▶ _Problem_
Each line below from the "六間通りにある果物店「フルー" line through the "롯데월드는 이날 인천시" line, those two included, must be restated word for word; the pictures must not be.

++++ Dataset content ++++

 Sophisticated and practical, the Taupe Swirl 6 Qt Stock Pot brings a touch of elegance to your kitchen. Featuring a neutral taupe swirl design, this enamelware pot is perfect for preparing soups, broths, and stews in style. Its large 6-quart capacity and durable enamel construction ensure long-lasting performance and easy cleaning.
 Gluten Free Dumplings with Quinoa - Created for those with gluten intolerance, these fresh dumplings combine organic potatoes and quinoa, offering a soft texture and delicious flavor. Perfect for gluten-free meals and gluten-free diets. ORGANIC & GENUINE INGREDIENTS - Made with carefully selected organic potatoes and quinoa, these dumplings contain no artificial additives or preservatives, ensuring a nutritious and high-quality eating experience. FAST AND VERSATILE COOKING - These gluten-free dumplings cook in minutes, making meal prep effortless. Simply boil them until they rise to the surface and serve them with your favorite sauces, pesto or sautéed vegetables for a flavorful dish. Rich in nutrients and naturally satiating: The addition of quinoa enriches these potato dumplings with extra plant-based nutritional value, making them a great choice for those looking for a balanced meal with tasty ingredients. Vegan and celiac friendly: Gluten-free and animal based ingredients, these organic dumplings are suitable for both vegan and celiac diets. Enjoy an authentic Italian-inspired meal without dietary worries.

++++
++++ Dataset content ++++

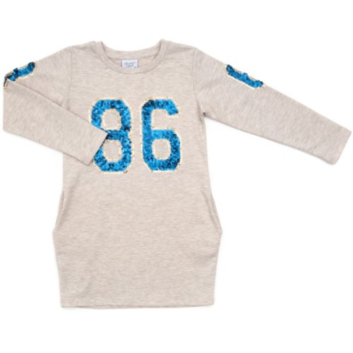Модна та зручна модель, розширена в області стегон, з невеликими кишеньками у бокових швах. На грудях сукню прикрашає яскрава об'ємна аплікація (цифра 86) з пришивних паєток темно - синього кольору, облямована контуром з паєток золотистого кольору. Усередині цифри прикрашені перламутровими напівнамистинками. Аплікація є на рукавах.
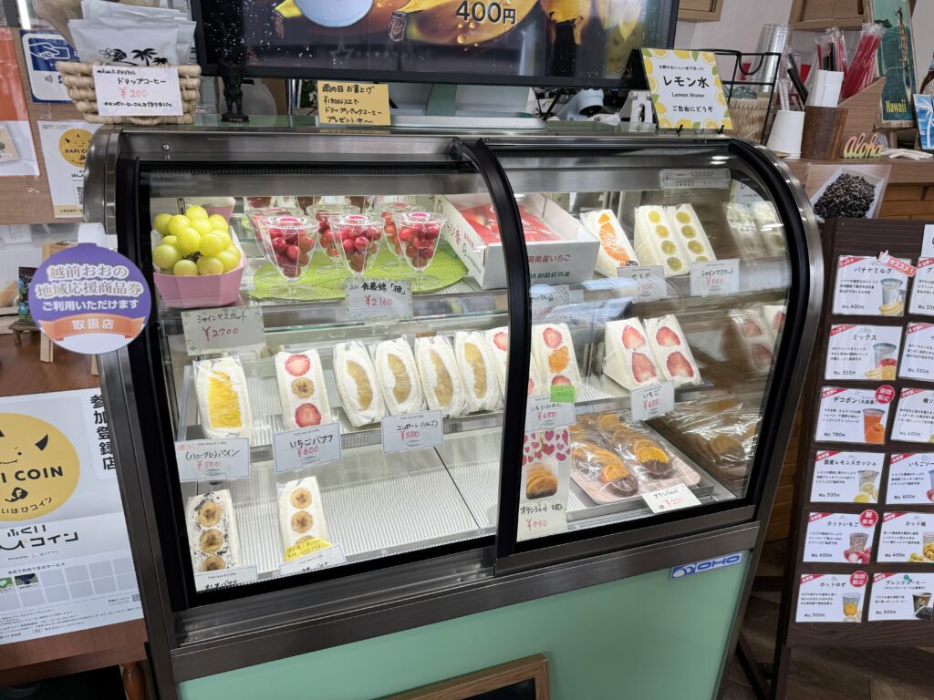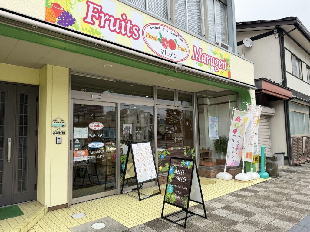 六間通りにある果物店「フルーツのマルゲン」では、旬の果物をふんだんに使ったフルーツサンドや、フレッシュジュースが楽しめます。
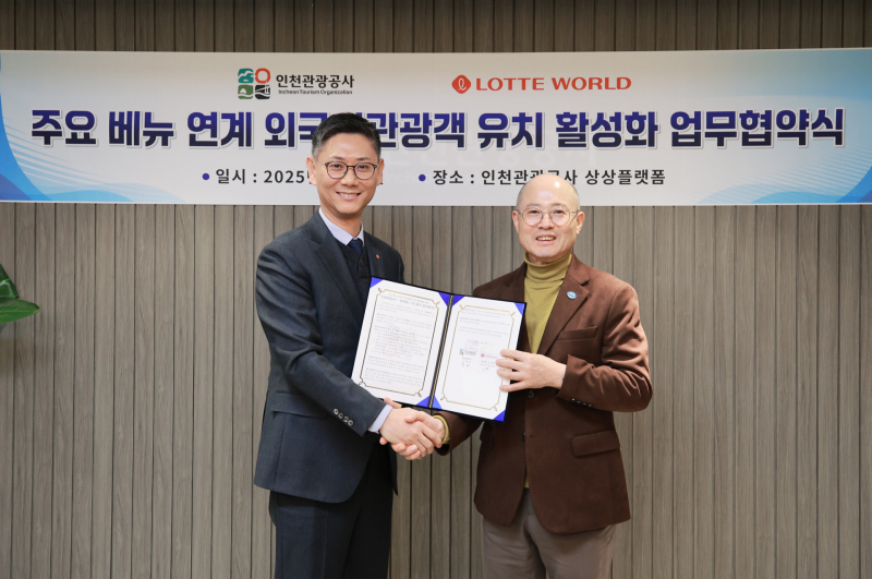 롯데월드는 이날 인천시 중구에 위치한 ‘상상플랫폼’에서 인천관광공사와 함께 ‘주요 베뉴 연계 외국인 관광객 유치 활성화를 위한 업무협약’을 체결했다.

++++

▶ _Task answer_
 六間通りにある果物店「フルーツのマルゲン」では、旬の果物をふんだんに使ったフルーツサンドや、フレッシュジュースが楽しめます。
 롯데월드는 이날 인천시 중구에 위치한 ‘상상플랫폼’에서 인천관광공사와 함께 ‘주요 베뉴 연계 외국인 관광객 유치 활성화를 위한 업무협약’을 체결했다.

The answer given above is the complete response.